The Standard Group has announced retrenchment plans against its staffers, as the company operates in the red with dwindling fortunes.
In a memo dated September 30, 2022, the Group CEO Orlando Lyomu said that the company had been recording reduced fortunes due to the disruptions caused by the Covid-19 pandemic, as well as shifting media trends.
“I wish to notify all members of Staff of the Company’s intention to declare redundancies in various departments. This has been necessitated by the disruption of our business in 2020 and 2021 as a result of the Covid-19 pandemic which continues to negatively impact the Group’s revenues, restructuring of the business to adopt a leaner, more efficient structure and shifting trends in media consumption occasioned by technological changes in the digital environment,” Lyomu said.

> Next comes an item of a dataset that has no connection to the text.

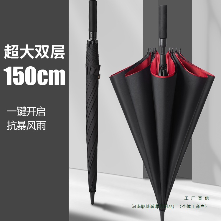 ドイツ品質の二層自動傘、ロングハンドル、強化、厚み、強力、耐嵐性、男性用3組

According to Lyomu, the Company will ensure the process and the selection criteria is fair and in compliance with the provisions of the Employment Act
Employees who will be declared redundant will be paid for days worked until the day of exit, severance pay of 15 days (or as indicated in the CBA for employees who are members of a union) for every completed year of service and notice pay as per the contract of employment.
Retrenched employees will also be handed payment of leave days accrued and not taken at the time of exit, pension dues or gratuity in accordance with the scheme rules or contract of employment.
“The company is therefore giving one months’ notice of the company’s intention to declare redundancy with effect from the date hereof. The redundancy is expected to affect employees across all departments and will be undertaken in phases. The affected employees will be informed in writing. Private counselling sessions will be available for the affected employees in addition to free financial management training within the month,” Lyomu said.
Standard Group Plc reduced its loss before tax to Ksh22 million for the year ended December 31, 2021, compared to a loss before tax of Ksh434.4 million over a similar period in 2020, an improvement of 95%.
According to the media house’s audited accounts revenue increased to Ksh3.1 billion in 2021 from Ksh2.9 billion in 2020 while total operation costs declined from Ksh3.3 billion in 2020 to Ksh3.1 billion in 2021.
Cost rationalization continued to be integral to the company’s operations which saw the Group’s total operating costs reduce by 5% from 2020.